Although the formal goal is to describe the sequence of nucleotides in the total length of DNA in the nucleus of a human cell, genes themselves are in fact very sparsely scattered within the DNA strand. Some of the DNA helps genes function, but most of it is of unknown function, and much of it may not even be biologically useful ("junk DNA"). Investigation of the sequence of the genomes of other organisms, in particular mice, flies, worms and yeast, is an ongoing part of the project, to provide comparisons to the human sequence. Many genes have been conserved through hundreds of millions of years of evolution, and it is easier to study genes in animal models that are analogous to those in humans.
Genes and Disease
Genes related to particular diseases are being identified at an increasingly rapid pace, and it is clear the project will greatly increase our knowledge of how to identify and manipulate genes. Several thousand diseases are caused by single faulty genes, but each of these is quite rare, so together they account for only a very small percentage of disease in populations. However, researchers hope the project will provide insights not only into single-gene disorders, but also into more frequent, complexly determined diseases, such as cancer and heart disease. In order to tease out the complex relationship between genes and the environment, a number of very large population-based studies have been started, including a project in Iceland that involves the collection and analysis of almost the entire population's DNA. Similarly, in the UK a large project called BioBank will involve the collection of DNA from 500 000 citizens.
Individuals possessing certain genes are more likely to become ill with certain diseases because of influences in their environment, eg, diet, lifestyle or chemical exposure. Researchers hope that the identification of such "susceptibility" genes associated with common diseases will allow them to tailor preventive strategies, such as change in diet or lifestyle, so that the genetic susceptibility is never expressed. Identifying people with susceptibilities may lead to better health for those identified, but it may also lead to stigmatization, to lack of access to insured health care in some countries, and to the creation of a class of individuals who are anxious about their health. Focus on genetic determinants of disease also diverts attention from social and environmental causes which may be equally or more important, as in the connection between smoking and lung cancer.

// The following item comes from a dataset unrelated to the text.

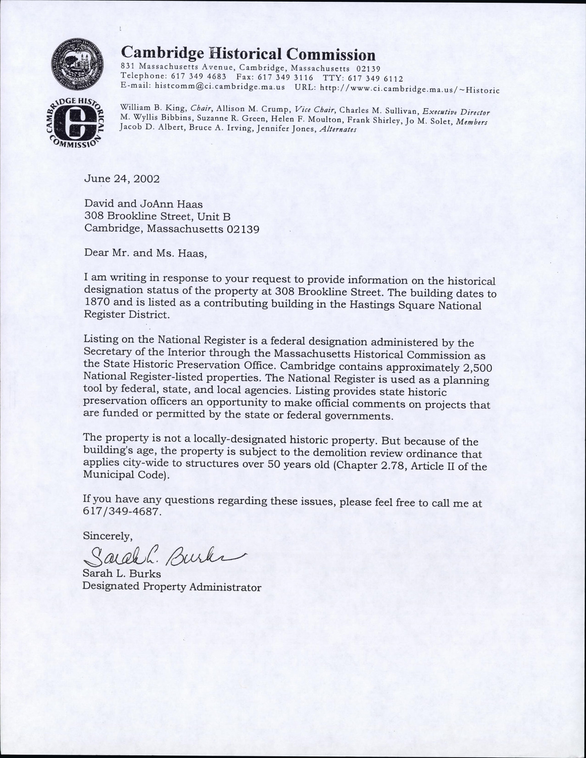 308 Brookline St - Correspondence

Genes give instructions to make many molecules, such as hormones, that are essential to body functions. Biotechnology companies hope to use the understanding of this process to make therapeutic molecules for the treatment of common diseases. As a result of the tremendous scientific advances that have occurred in areas such as genetics, biotechnology has emerged as one of the fastest growing sectors of many countries' economy. However, there is concern that if dissemination and exploitation of knowledge from the Human Genome Project is left largely to commercial firms, there will be less likelihood of wide benefits, as such a course is likely to lead to inequitable access (not all people will have the ability to pay). In addition, strong marketing would make premature and inappropriate use more probable and may add unnecessary costs to the health care system.

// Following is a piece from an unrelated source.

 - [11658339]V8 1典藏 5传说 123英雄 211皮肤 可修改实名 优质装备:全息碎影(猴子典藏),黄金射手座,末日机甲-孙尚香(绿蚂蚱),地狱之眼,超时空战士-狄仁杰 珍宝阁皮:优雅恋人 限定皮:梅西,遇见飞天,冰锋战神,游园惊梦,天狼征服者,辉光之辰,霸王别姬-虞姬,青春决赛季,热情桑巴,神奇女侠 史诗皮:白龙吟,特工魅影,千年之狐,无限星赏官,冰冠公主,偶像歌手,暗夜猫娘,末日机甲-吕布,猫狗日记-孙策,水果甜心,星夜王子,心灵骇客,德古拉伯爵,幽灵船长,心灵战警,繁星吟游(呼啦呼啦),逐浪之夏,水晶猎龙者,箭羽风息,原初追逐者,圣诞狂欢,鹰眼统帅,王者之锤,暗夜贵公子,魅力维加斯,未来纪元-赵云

Social, Legal and Ethical Concerns
Many ethical dilemmas are raised by the fact that gene identification will be possible in most cases well before any useful therapy is available. The ability to identify aspects of an individual's genome also raises important questions of privacy, confidentiality and autonomy. What rights, if any, do others (relatives, employers, insurers) have to such genetic information? Will a distinction be made between using genetic technologies for therapeutic purposes and using them to enhance an individual's characteristics? Will the way we view ourselves, and how we define normality/abnormality, change? Because of these and other questions, the study of the legal, ethical and social issues remains an important part of the overall research agenda in most countries involved with the Human Genome Project.